> Source material
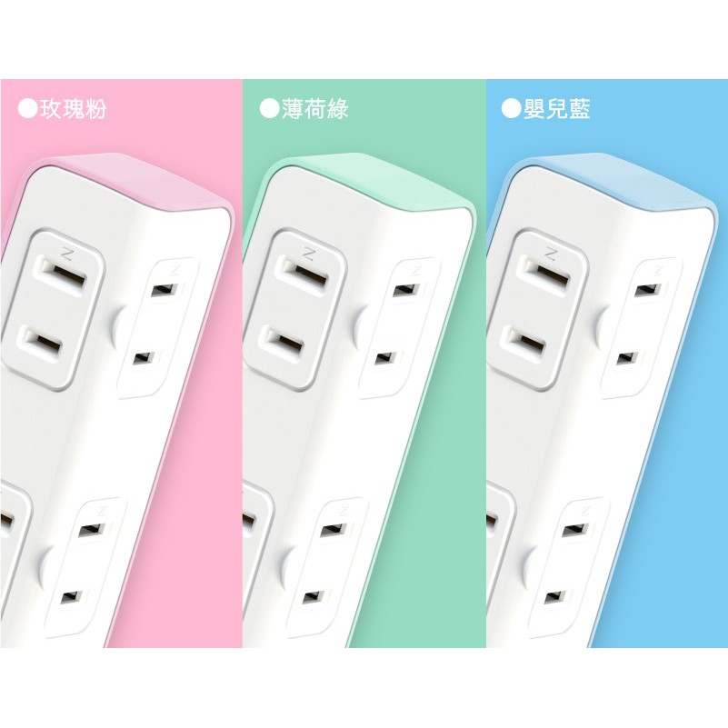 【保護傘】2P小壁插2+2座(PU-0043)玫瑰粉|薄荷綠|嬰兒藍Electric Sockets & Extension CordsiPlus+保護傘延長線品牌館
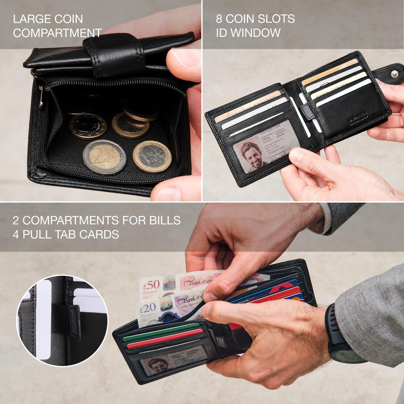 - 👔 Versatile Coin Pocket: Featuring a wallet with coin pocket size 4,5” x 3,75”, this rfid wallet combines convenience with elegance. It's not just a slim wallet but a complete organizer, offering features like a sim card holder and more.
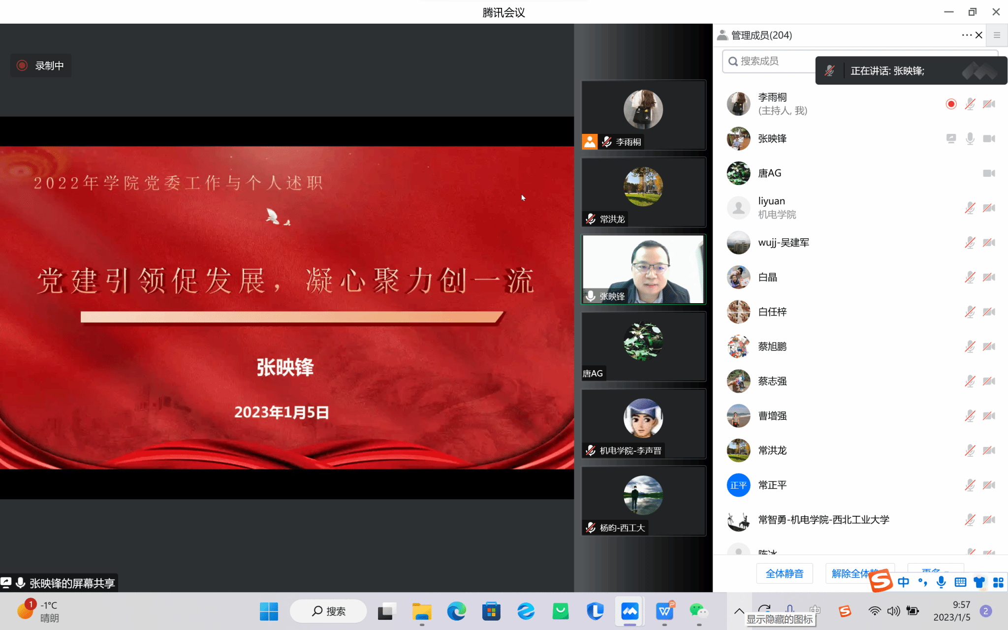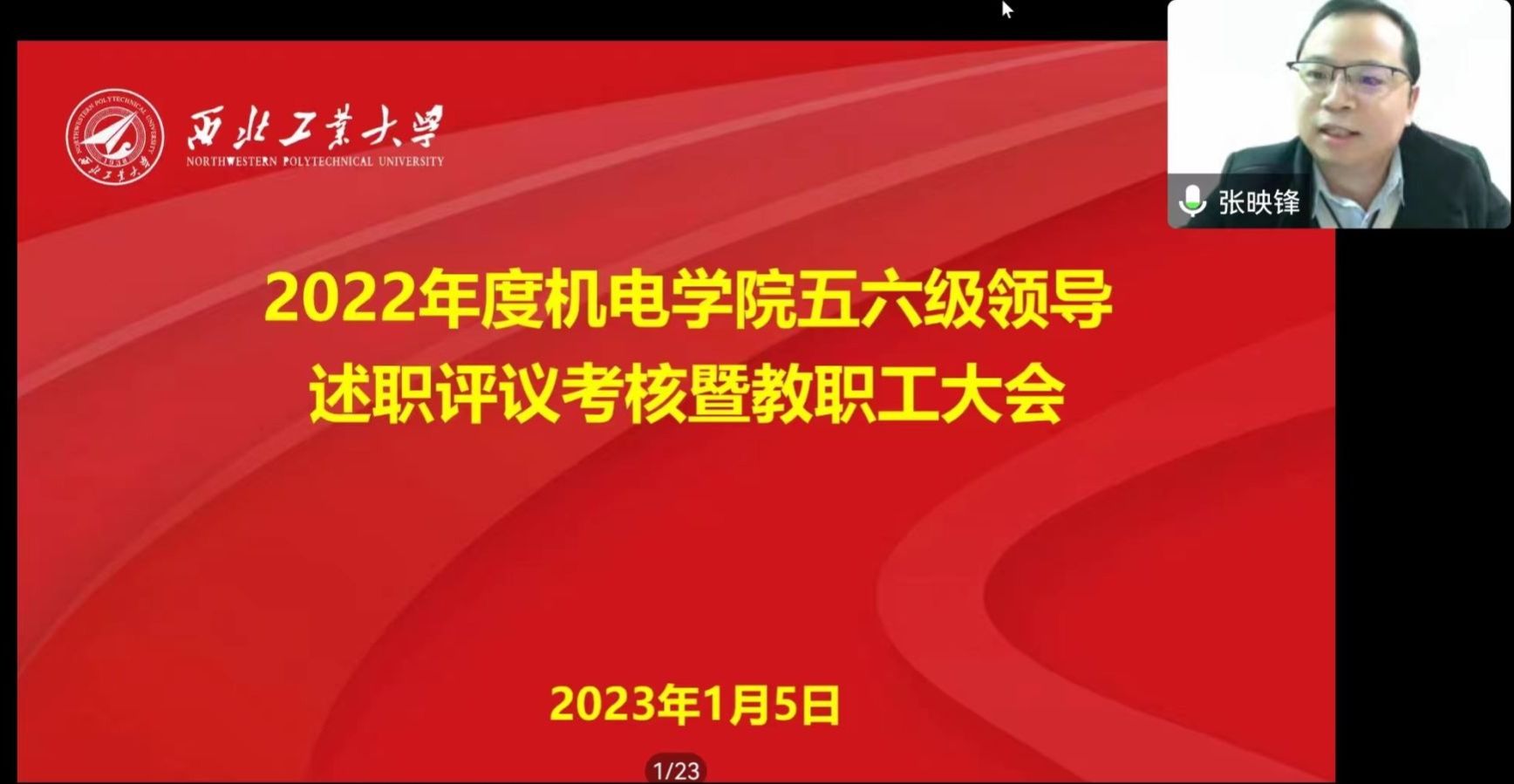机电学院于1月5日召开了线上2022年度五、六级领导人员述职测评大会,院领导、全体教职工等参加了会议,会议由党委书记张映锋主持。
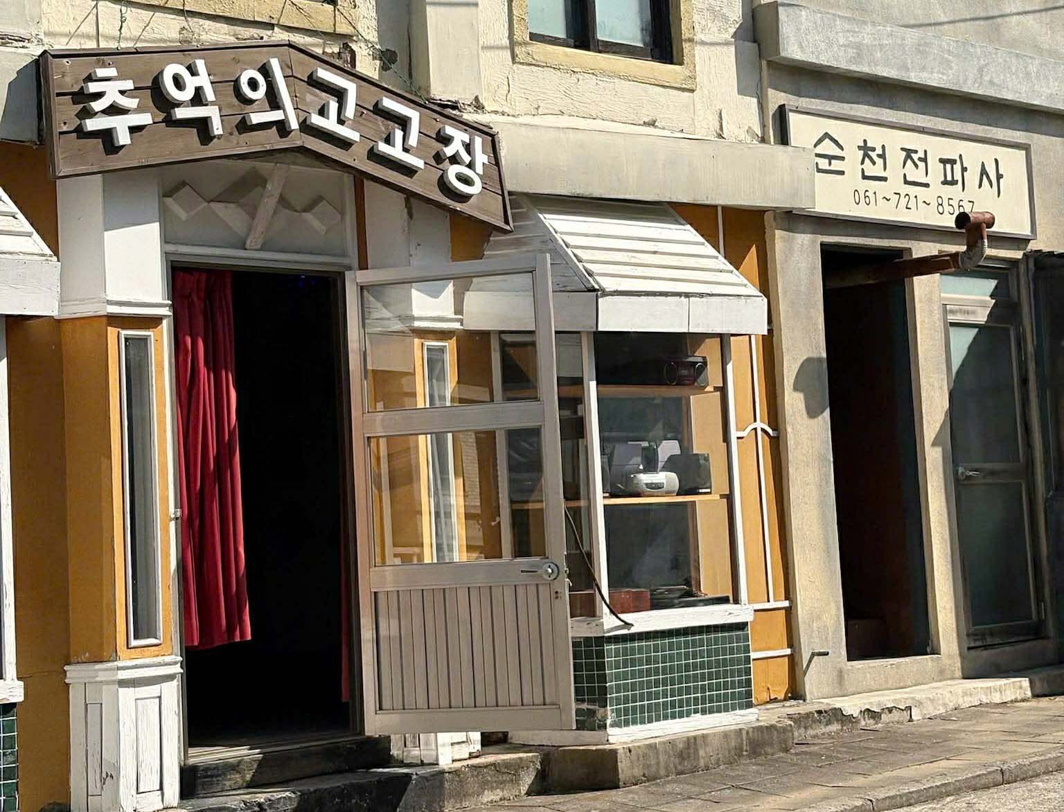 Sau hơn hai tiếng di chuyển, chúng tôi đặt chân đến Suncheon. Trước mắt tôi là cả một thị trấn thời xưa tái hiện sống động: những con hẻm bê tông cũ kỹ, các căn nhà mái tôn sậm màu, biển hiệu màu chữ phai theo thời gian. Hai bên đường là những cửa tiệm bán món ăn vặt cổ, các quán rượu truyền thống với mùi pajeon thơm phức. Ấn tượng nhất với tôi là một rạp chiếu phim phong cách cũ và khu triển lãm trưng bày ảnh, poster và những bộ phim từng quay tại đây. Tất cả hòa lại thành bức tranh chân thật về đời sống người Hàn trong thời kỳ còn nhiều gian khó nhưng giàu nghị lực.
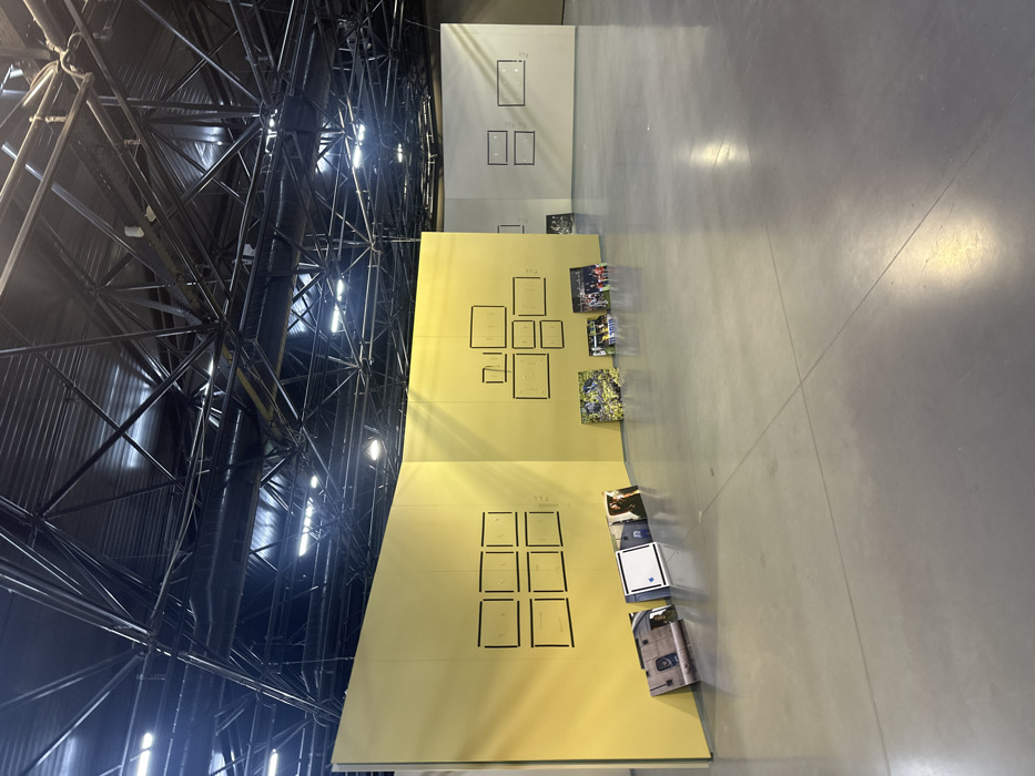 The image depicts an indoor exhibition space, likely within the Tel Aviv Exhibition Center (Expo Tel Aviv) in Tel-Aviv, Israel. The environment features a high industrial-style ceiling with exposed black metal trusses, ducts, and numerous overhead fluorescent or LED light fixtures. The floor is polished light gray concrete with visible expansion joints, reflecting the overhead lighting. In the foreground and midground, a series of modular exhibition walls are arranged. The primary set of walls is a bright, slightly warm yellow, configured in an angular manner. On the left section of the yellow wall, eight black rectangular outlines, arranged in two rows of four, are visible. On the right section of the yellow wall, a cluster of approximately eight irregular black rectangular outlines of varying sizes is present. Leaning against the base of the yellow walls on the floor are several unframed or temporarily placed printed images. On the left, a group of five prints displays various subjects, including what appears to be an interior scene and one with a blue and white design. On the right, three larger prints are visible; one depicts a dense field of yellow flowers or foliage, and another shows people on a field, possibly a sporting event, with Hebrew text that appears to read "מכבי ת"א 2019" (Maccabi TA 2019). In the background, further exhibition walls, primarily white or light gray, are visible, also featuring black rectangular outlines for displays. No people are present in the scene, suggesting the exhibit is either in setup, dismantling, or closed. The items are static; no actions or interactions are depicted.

> Task item
Copy only what lies between the start of the listing above and the line containing "机电学院于1月5日召开了线上", inclusive of both ends, exactly as written, and drop the pictures.

> Reply to the exercise
 【保護傘】2P小壁插2+2座(PU-0043)玫瑰粉|薄荷綠|嬰兒藍Electric Sockets & Extension CordsiPlus+保護傘延長線品牌館
 - 👔 Versatile Coin Pocket: Featuring a wallet with coin pocket size 4,5” x 3,75”, this rfid wallet combines convenience with elegance. It's not just a slim wallet but a complete organizer, offering features like a sim card holder and more.
机电学院于1月5日召开了线上2022年度五、六级领导人员述职测评大会,院领导、全体教职工等参加了会议,会议由党委书记张映锋主持。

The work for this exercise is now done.